PROBLEM DESCRIPTION:
What you return must match, exactly, the lines running from the one containing "तस्बिर : सशस्त्र" to the end of the data, both included, and must contain no pictures.

=== INPUT DATA ===

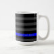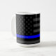 Eine dünne blaue Linie grafische große Tasse des symbolischen Grau US-Flaggenentwurfs. Eine große Geschenkidee für Ansammlungen, Erinnerungsfeiern und Erinnerungsgelegenheiten. Personifizieren Sie sie mit Ihrem Text.
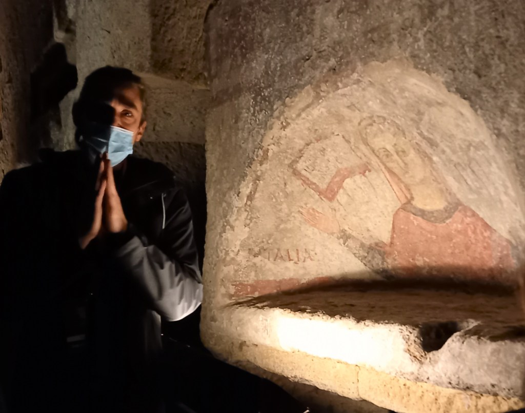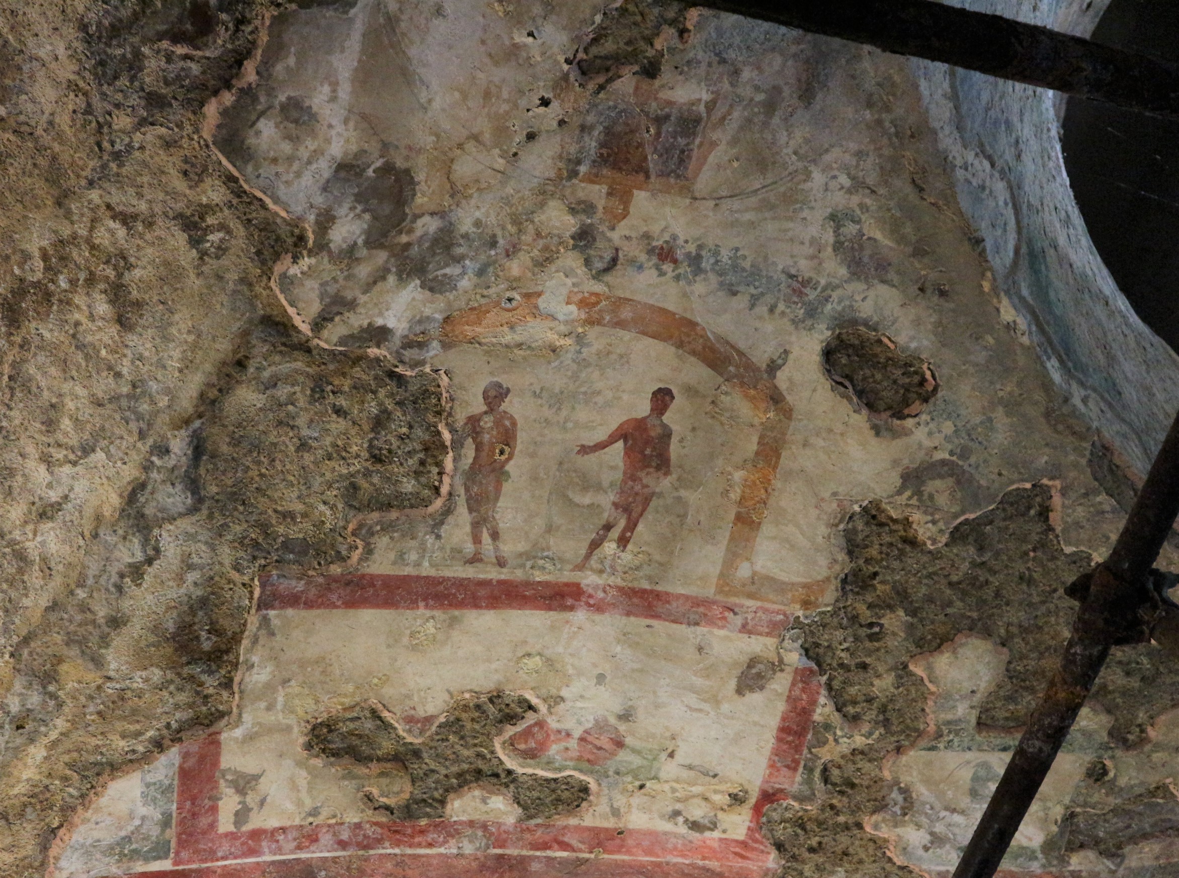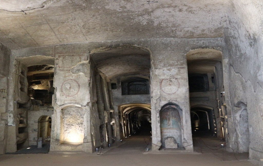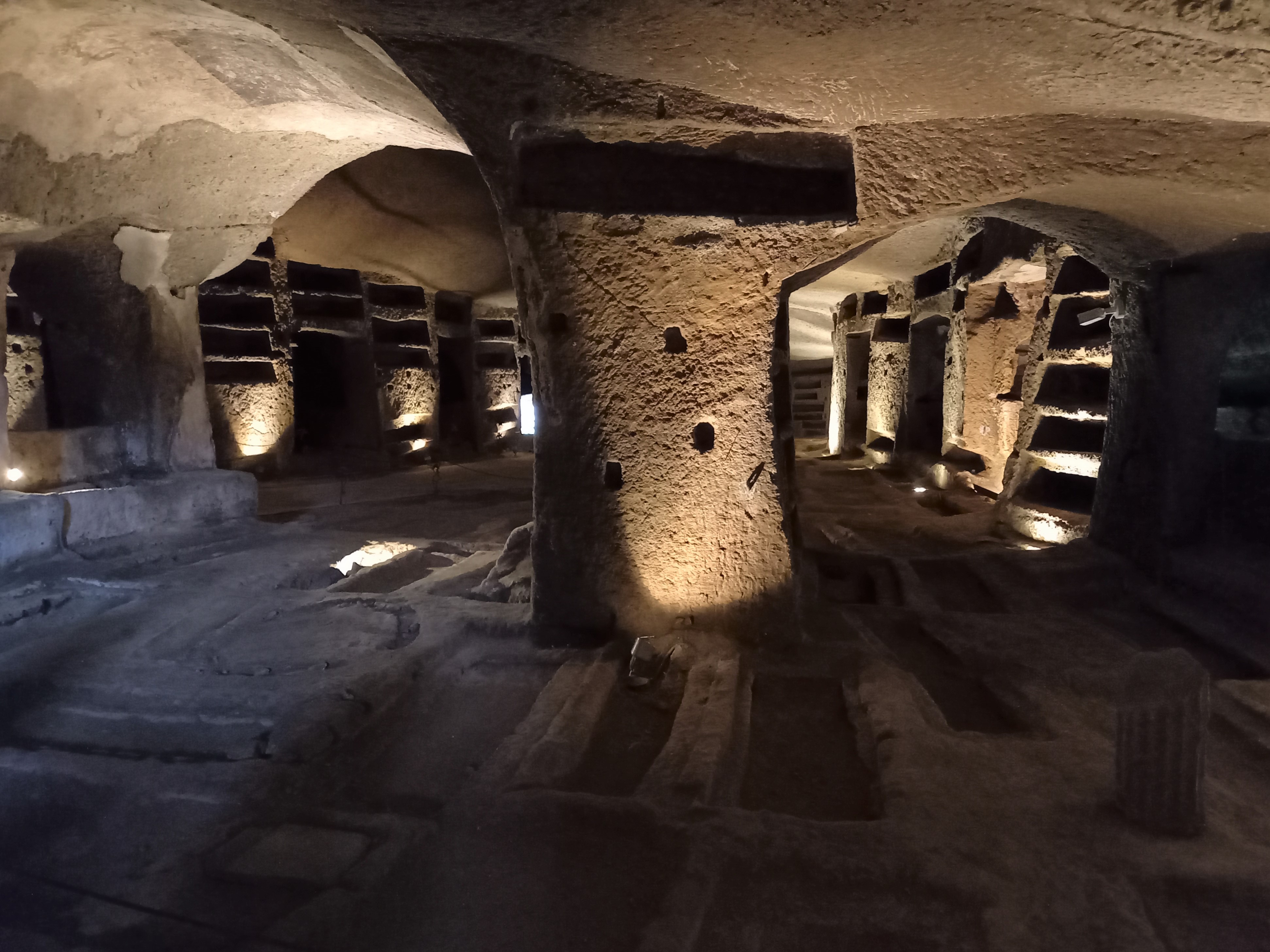 Sul piano storico, la prima cosa da dire sulle catacombe è che va smentita una storica “fake news” o leggenda, se preferite: i cristiani non si nascondevano qui per pregare, semplicemente seppellivano qui i loro morti. Quello che si vede, infatti, scendendo nel sottosuolo è una necropoli: Tombe a fossa, dove i defunti venivano sepolti uno sopra l’altro, loculi e un terzo tipo di tomba chiamato arcosolium. Tipico delle catacombe romane, l’arcosolium era costituito da un sarcofago o da una tomba chiusa da lastre di marmo o in muratura ed inserita in una nicchia sormontata da un arco a tutto sesto, in genere scavata nel tufo della parete. La sepoltura occupava interamente la parte inferiore della nicchia, e lo spazio che si veniva a creare sotto l’arco, la lunetta, veniva spesso decorato con pitture. Ne possiamo vedere qui molti esempi, alcuni davvero ben conservati.
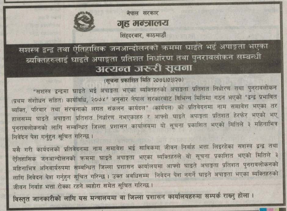 तस्बिर : सशस्त्र द्धन्दमा घाइते भई अपाङ्गता भएका व्यक्तिहरुको अपाङ्गता प्रतिशत निर्धारणका लागि निवेदन पेश गर्ने सम्वन्धी सूचना ।
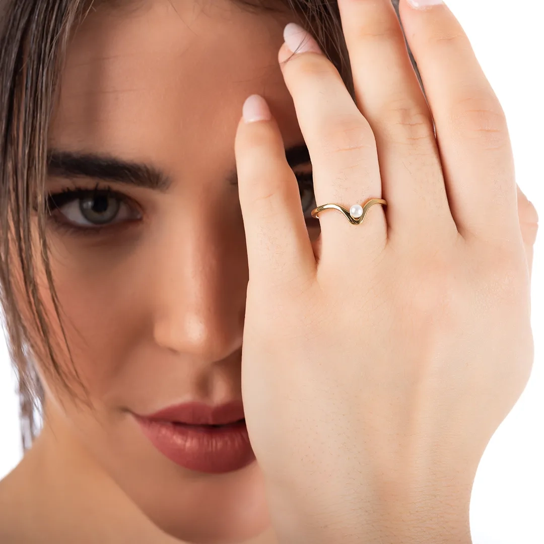 Δαχτυλίδι ατσάλινο λεπτό με πέρλα

===

WRITTEN RESPONSE:
 तस्बिर : सशस्त्र द्धन्दमा घाइते भई अपाङ्गता भएका व्यक्तिहरुको अपाङ्गता प्रतिशत निर्धारणका लागि निवेदन पेश गर्ने सम्वन्धी सूचना ।
 Δαχτυλίδι ατσάλινο λεπτό με πέρλα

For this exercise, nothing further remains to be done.